A precise copy of the data is required, with every picture left out.
--- Data ---
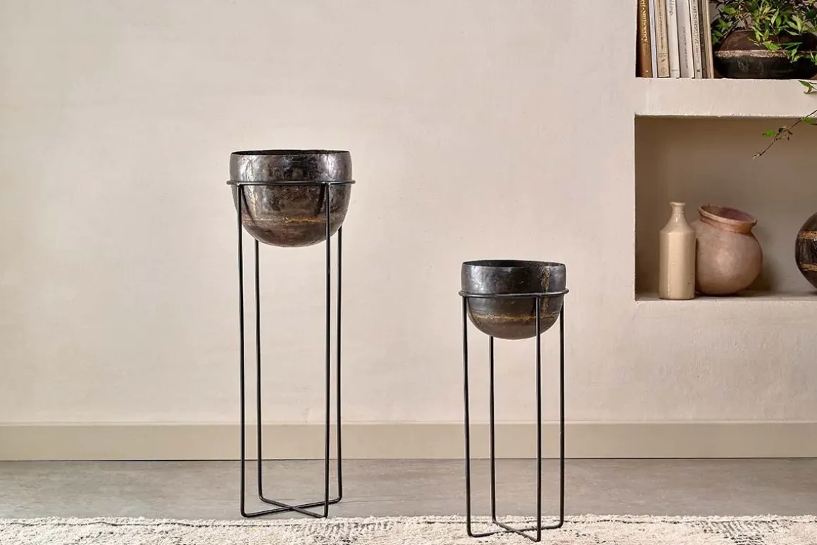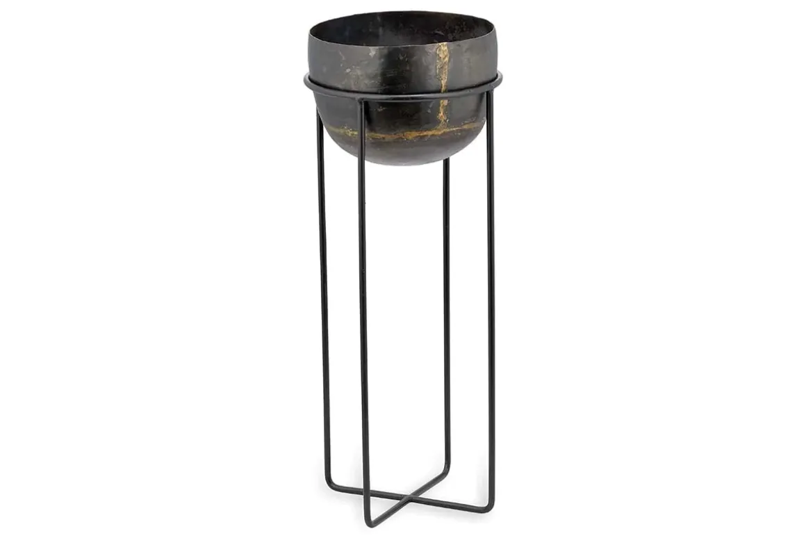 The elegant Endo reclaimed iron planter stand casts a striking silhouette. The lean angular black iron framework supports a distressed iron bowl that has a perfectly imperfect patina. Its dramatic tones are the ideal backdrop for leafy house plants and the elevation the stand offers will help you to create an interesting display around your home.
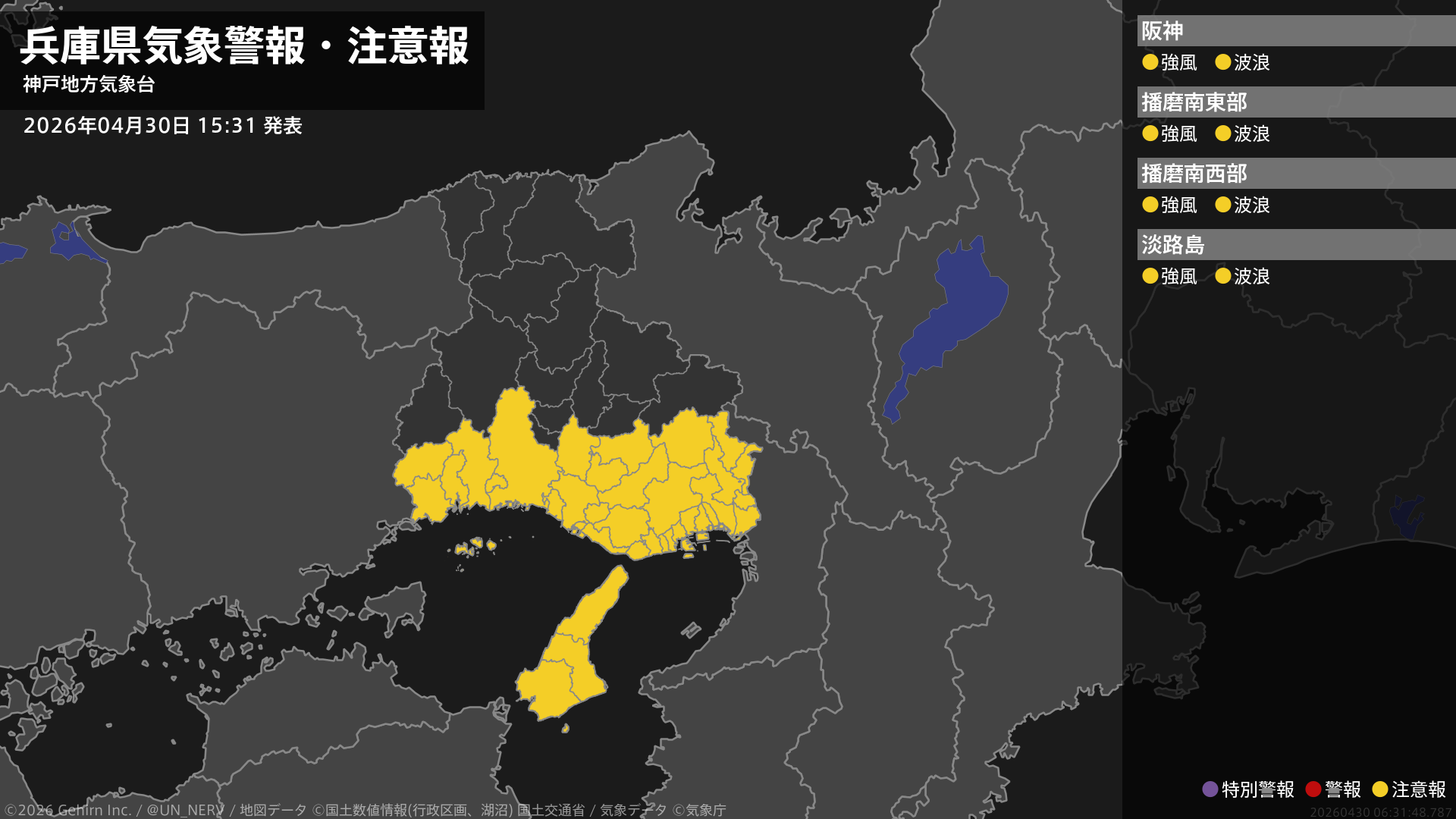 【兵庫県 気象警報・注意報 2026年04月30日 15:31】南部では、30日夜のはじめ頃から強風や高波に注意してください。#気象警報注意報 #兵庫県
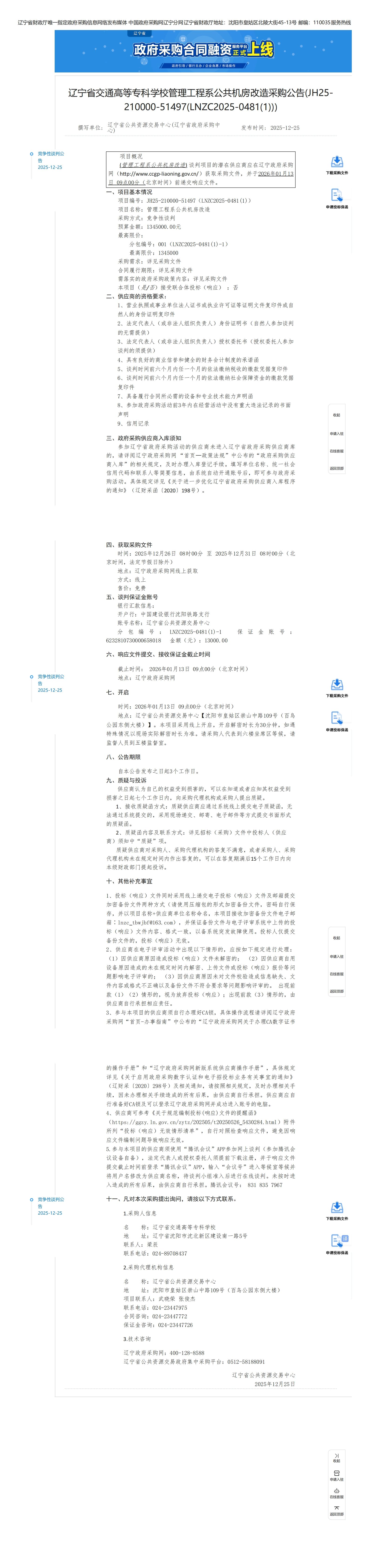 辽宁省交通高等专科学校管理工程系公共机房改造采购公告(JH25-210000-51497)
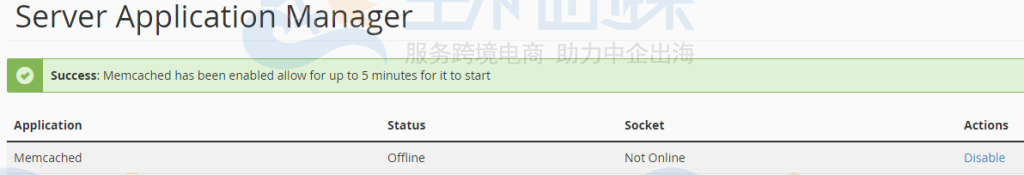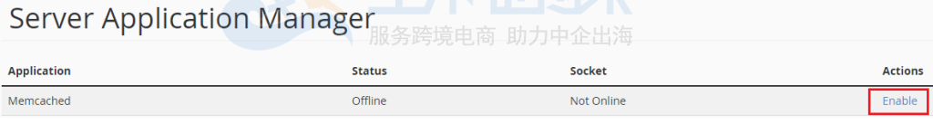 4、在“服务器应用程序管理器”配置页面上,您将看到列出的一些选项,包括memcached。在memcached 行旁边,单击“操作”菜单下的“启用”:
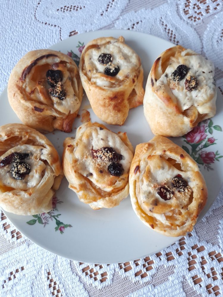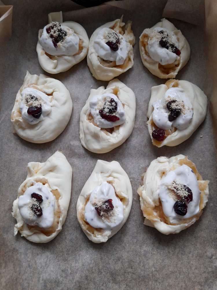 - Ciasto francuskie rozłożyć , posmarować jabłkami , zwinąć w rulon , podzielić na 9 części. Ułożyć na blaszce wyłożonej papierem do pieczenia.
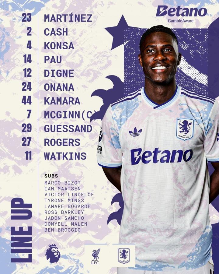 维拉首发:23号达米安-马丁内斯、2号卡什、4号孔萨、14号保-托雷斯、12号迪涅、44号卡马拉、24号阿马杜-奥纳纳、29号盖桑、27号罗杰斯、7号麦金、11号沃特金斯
---
### Answer for the task
 The elegant Endo reclaimed iron planter stand casts a striking silhouette. The lean angular black iron framework supports a distressed iron bowl that has a perfectly imperfect patina. Its dramatic tones are the ideal backdrop for leafy house plants and the elevation the stand offers will help you to create an interesting display around your home.
 【兵庫県 気象警報・注意報 2026年04月30日 15:31】南部では、30日夜のはじめ頃から強風や高波に注意してください。#気象警報注意報 #兵庫県
 辽宁省交通高等专科学校管理工程系公共机房改造采购公告(JH25-210000-51497)
 4、在“服务器应用程序管理器”配置页面上,您将看到列出的一些选项,包括memcached。在memcached 行旁边,单击“操作”菜单下的“启用”:
 - Ciasto francuskie rozłożyć , posmarować jabłkami , zwinąć w rulon , podzielić na 9 części. Ułożyć na blaszce wyłożonej papierem do pieczenia.
 维拉首发:23号达米安-马丁内斯、2号卡什、4号孔萨、14号保-托雷斯、12号迪涅、44号卡马拉、24号阿马杜-奥纳纳、29号盖桑、27号罗杰斯、7号麦金、11号沃特金斯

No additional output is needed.